All in all, the estimates given for FY2013 and the implications for Q4 are a pretty mixed bag. The projected revenue growth would be great while the decline in margins would be disappointing. Personally, I would like to see the margins at least hold steady from the rest of 2013 even at the expense of some revenue growth. Expanded margins and better cost controls would lead to positive cash flow faster than continuing to hemorrhage money for the sake of revenue growth, which would result in significantly less need to issue more shares.

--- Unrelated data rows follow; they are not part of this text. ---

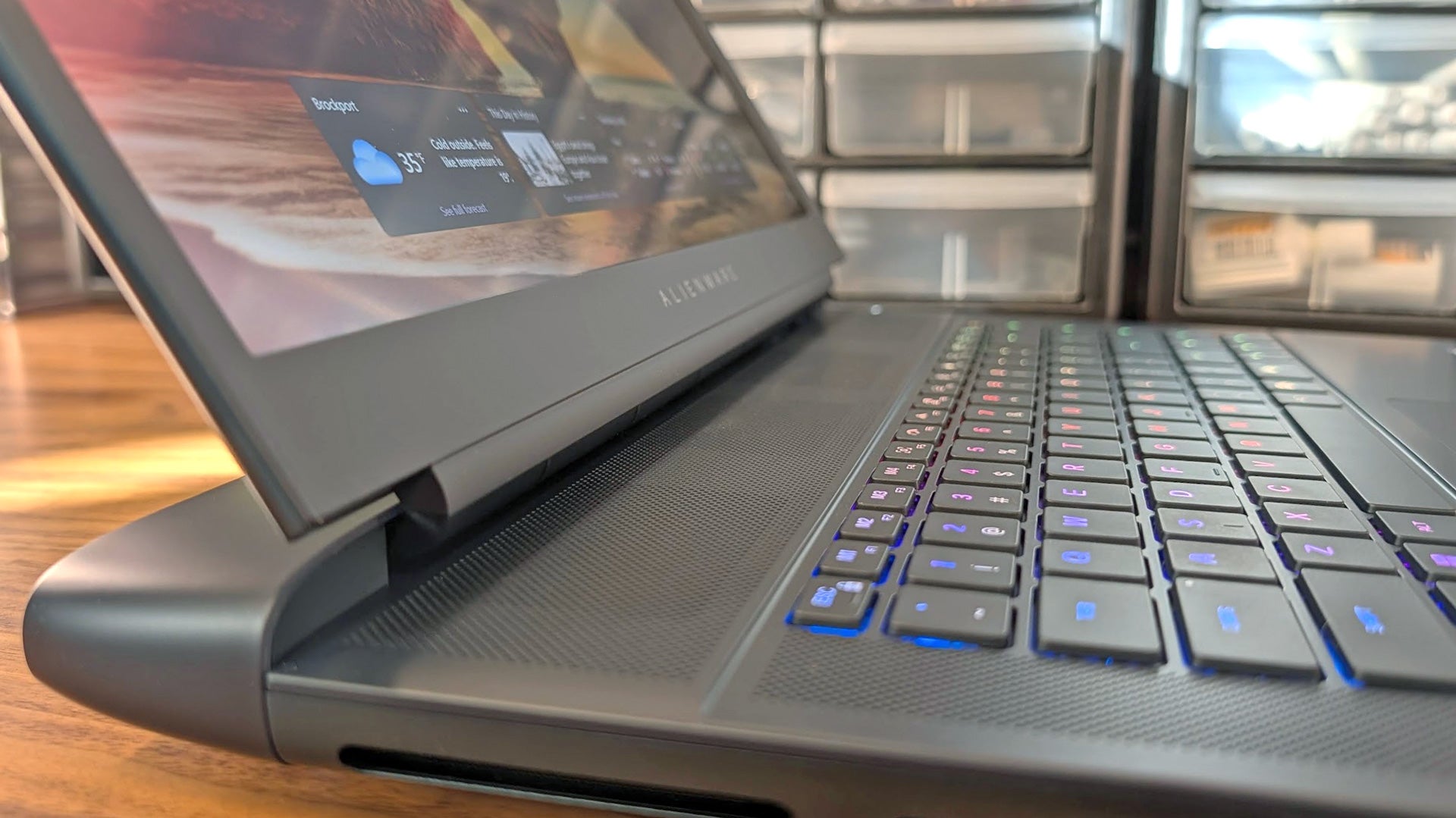 It comes with a generous port selection, so connecting peripherals or a docking station won’t be an issue. And I have to commend Alienware for making good use of its added thickness by putting most of that I/O around the back where it won’t get in the way of a mouse. There are three USB 3.2 Gen 1 Type-A ports, two Type-C Thunderbolt ports (version four for the RTX 5060 and RTX 5070 and Thunderbolt 5 for everything higher), and a full-size HDMI 2.1 video-out for connecting a monitor. Thunderbolt 5 is a major upgrade here, offering up to 80 Gbps of bi-directional bandwidth to support the highest resolution external monitors. The power brick also connects around the rear and uses a straight plug that doesn’t get in the way of other cables. The only other ports are on the left side. There, you’ll find an SD card reader and an audio combo jack.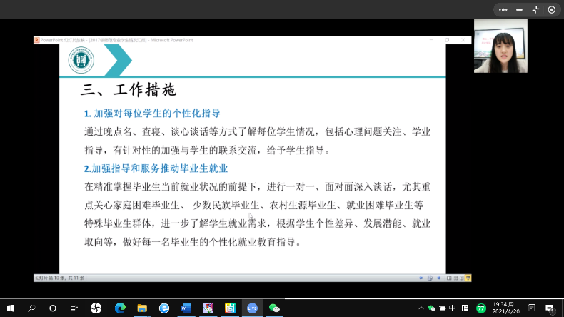 随后,刘琦就年级整体就业进度以及非师范专业基本情况进行了介绍。刘琦细致梳理了非师范专业学生就业、考研等情况,并指出现存的主要问题。她就学院已开展的促进就业、学风建设等工作进行了汇报,提醒毕业生和家长及时关注校院与毕业就业相关的信息。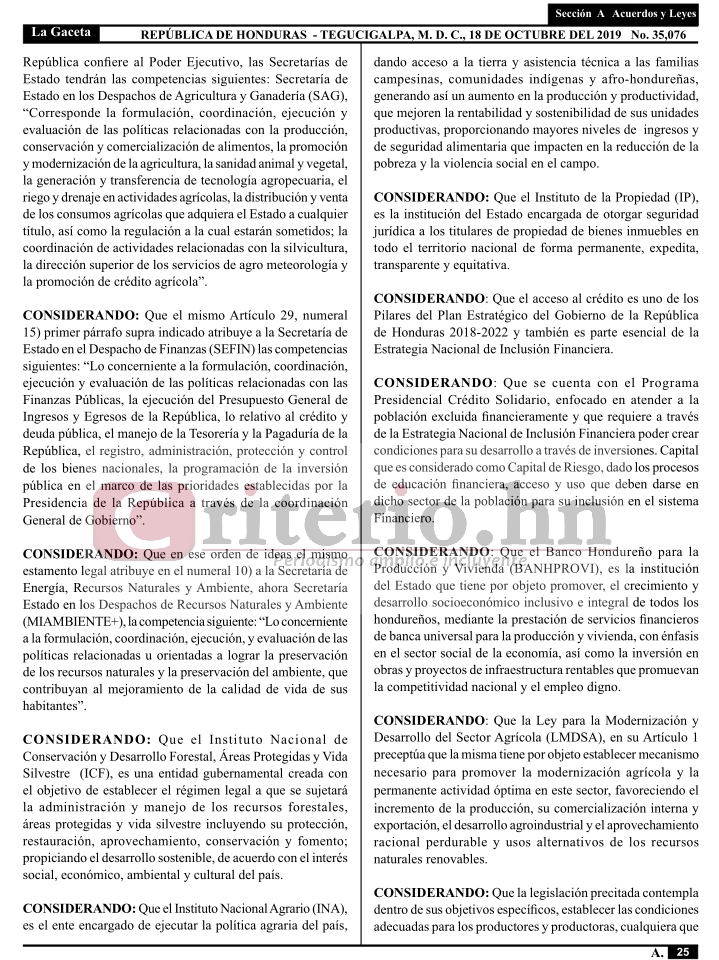 El decreto contiene 17 considerandos y 8 artículos y fue publicado en La Gaceta número 35,076 con fecha 18 de octubre de 2019.

The story of MusclePharm has long had two sides: those who are excited about the company's growth and believe sacrifices such as dilution are necessary to achieve that growth, and those who believe the company is simply a vehicle for management to profit at the expense of shareholders. I have remained in the former camp for most of my time following the company, but analysis of what MusclePharm is doing leads me to position myself on the fence of this argument. I believe the company is near a tipping point which will prove which side is right in 2014. As the company brings in more and more revenue, becomes cash flow positive, and the need for dilution decreases; it will become key to watch whether management continues to pay themselves such hefty stock compensation packages. Regardless of how much the financials continue to improve, it will not be translated into shareholder value until the share count stabilizes and management proves itself as trustworthy.